George Banda traveled from Milwaukee to Washington DC for Veterans Day 2017 events. Along his journey, he visited many of his fallen friends by paying tribute to their names on The Wall, the Vietnam Veterans Memorial, and their graves at Arlington National Cemetery.

Shortly after graduating from Boy’s Tech High School on the South Side of Milwaukee, Banda joined the Army. He enlisted with many buddies from the neighborhood who he grew up with, including Joe Rocha. Other friends were made and lost during his deployment in Vietnam, like Ed Vesser and Refugio Thomas Teran.

During his enlistment with the Army as a Medic in the 2nd Battalion, 501st Infantry, of the 101st Airborne Division, Banda was awarded many distinguished commendations in Vietnam, including the Combat Medic Badge, Silver Star Medal for Gallantry in Action, Bronze Star for Heroism in Ground Combat, Bronze Star for Meritorious Service, Purple Heart for Combat Wounded, the Vietnam Cross for Gallantry with Palm, and many other commendations.

Thirty-two years after he vanished in the jungles of Vietnam, Refugio Thomas Teran returned home in 2002 to a hero’s burial with full military honors in Arlington National Cemetery.

“Tommy” Teran was last seen in the middle of a fierce firefight in the predawn hours of May 6, 1970 as Viet Cong forces overran the munitions dump he was guarding on Henderson Hill, Quang Tri Province. The Americans held the hill, and the next day a search and recovery detail retrieved five injured servicemen and 33 bodies. There was no trace of Private First Class Tom Teran and another rifleman, Larry Kier of Tennessee.

The U.S. government spends millions a year in an effort to retrieve the lost casualties of the Second World War, Korea, Vietnam, the Gulf War and assorted Cold War skirmishes. Since the United States and Vietnam restored diplomatic ties in 1992, the Defense Department has deployed 69 search teams to Southeast Asia, excavating crash sites and battlefields, interviewing aging civilians and soldiers, tracking rumors of unreturned prisoners of war.

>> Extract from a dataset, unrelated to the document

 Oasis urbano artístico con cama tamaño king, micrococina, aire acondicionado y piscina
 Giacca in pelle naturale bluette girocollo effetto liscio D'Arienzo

A villager scavenging in the area around Henderson Hill Fire Support Base had found Teran’s body later in 1970 and buried it under a simple marker. Searchers from the military’s Joint Task Force eventually recovered and identified both Teran and Kier.

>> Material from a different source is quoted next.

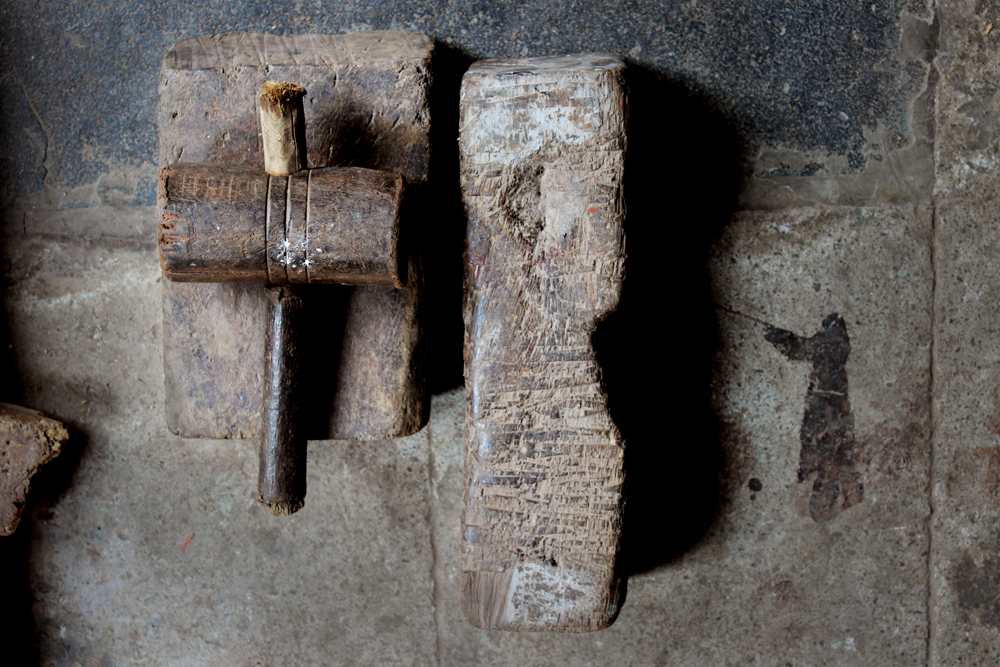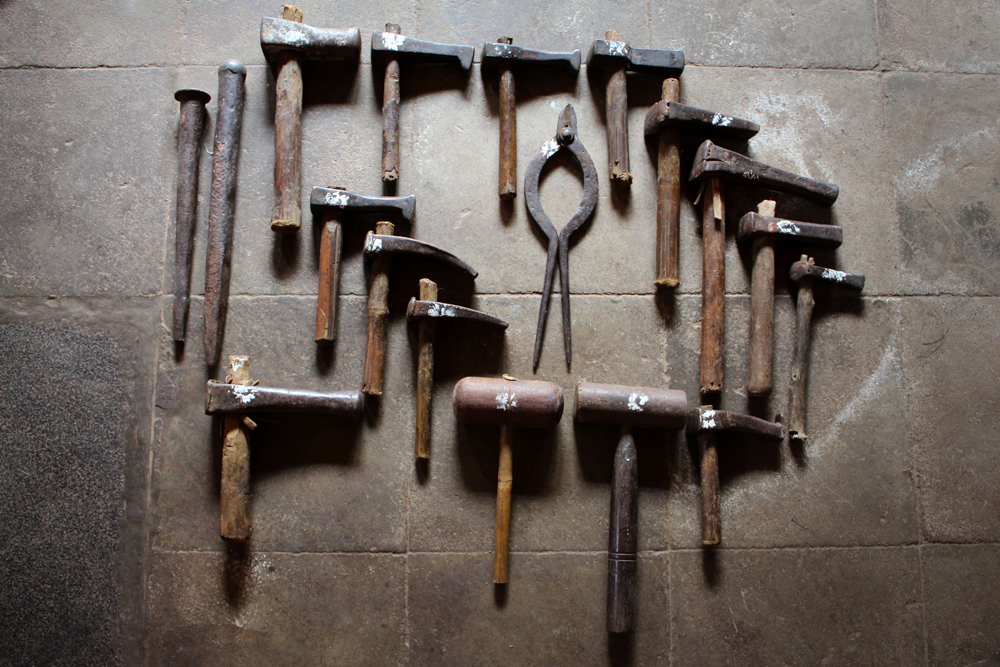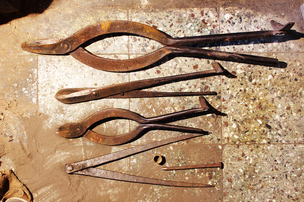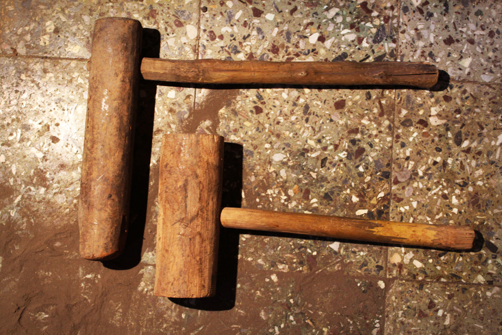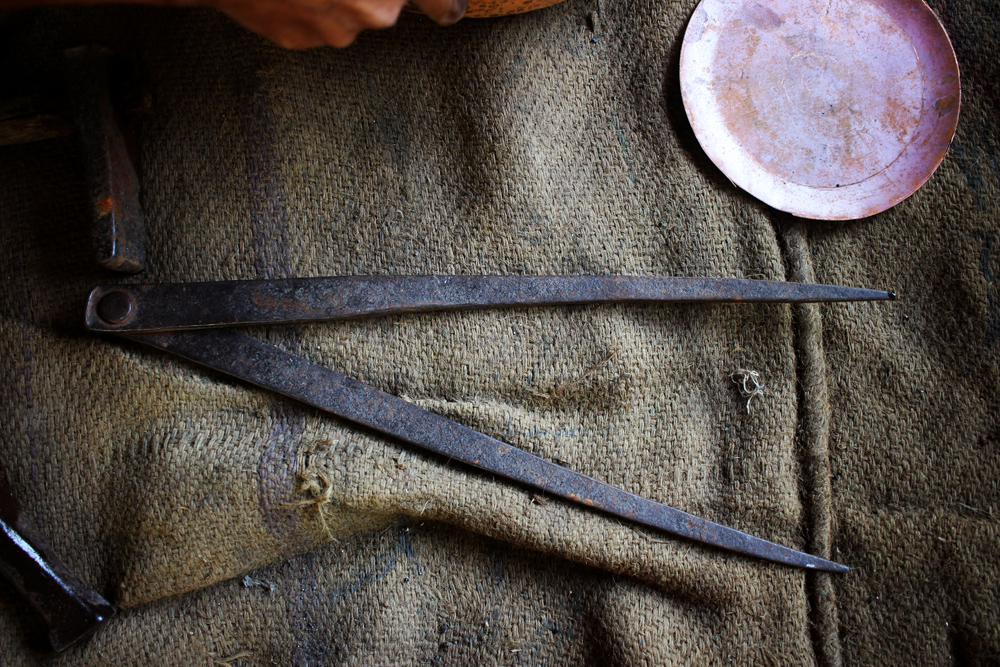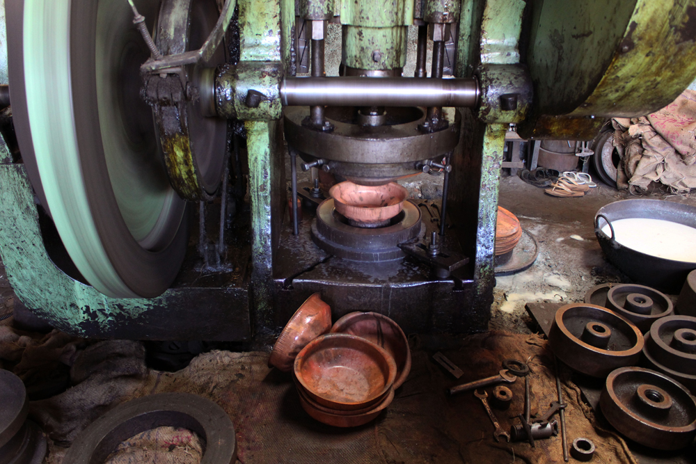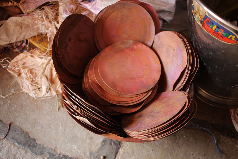 The tools are used in making of copper vessels are bhatas (bellows) for blowing the fire. Sandsi (pair of tongs) Katris (two pair of scissors) Kansis (files), shandhan (an iron bar which has a very shiny and smooth surface) set of Kharvais (bar anvils), Khod (wooden frame which is paired with kharvai as seating) Mogris (wooden hammers), Dabaks (various shaped metal hammers in different sizes), Togar (big iron nails), Adi (circular shaped iron tyre), Mandli (smaller size of adi) and buffing machine.

Standing on the steps of Arlington House in Virginia, the Washington Monument and the Nation’s Capital can be seen with the naked eye. Both structures, and many other offices of government would have been clearly visible to General Robert E. Lee when led an insurrection against the country he had given an oath to serve and protect. So it is only fitting that the estate of a national traitor became the home and most hallowed ground of the country’s war dead.

On May 24, 1861, just a few hours after the Commonwealth of Virginia ratified an ordinance of secession and joining the Confederate States of America, more than 3,500 U.S. Army soldiers streamed across the Potomac River into northern Virginia and captured Arlington estate.

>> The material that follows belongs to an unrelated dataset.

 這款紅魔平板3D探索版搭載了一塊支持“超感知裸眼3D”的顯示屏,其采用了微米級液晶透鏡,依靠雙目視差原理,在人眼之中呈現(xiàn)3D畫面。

Although many believed the occupation of the estate was an intentional insult towards the Lee family, in reality the confiscation of the property was a military necessity. Arlington House was located on the high ground overlooking Washington DC, and posed a tempting target for Confederate forces. Artillery of that day position at the elevation could easily range every federal building in the city, including the White House and Capitol.

Throughout the war, federal troops used the land as a camp and headquarters with forts constructed and incorporated into the defenses of Washington, DC, including Fort Whipple (now Fort Myer) and Fort McPherson (now Section 11). It was not until 1864, when the increasing number of battle fatalities was outpacing the burial capacity of Washington DC cemeteries that 200 acres of Arlington plantation were set aside as a cemetery.

Brigadier General Montgomery C. Meigs, Quartermaster General of the U.S. Army, appropriated the grounds June 15, 1864, for use as a military cemetery. His intention was to render the house uninhabitable should the Lee family ever attempt to return.

Throughout the war, Arlington estate also provided assistance to the thousands of African-Americans fleeing enslavement in the South. On December 4, 1863, the federal government dedicated a planned community for freed slaves on the southern portion of the property, which was named Freedman’s Village. The federal government granted land to more than 1,100 freed slaves, where they farmed and lived until the turn of the 20th century.

Arlington House and its grounds are administered by the National Park Service.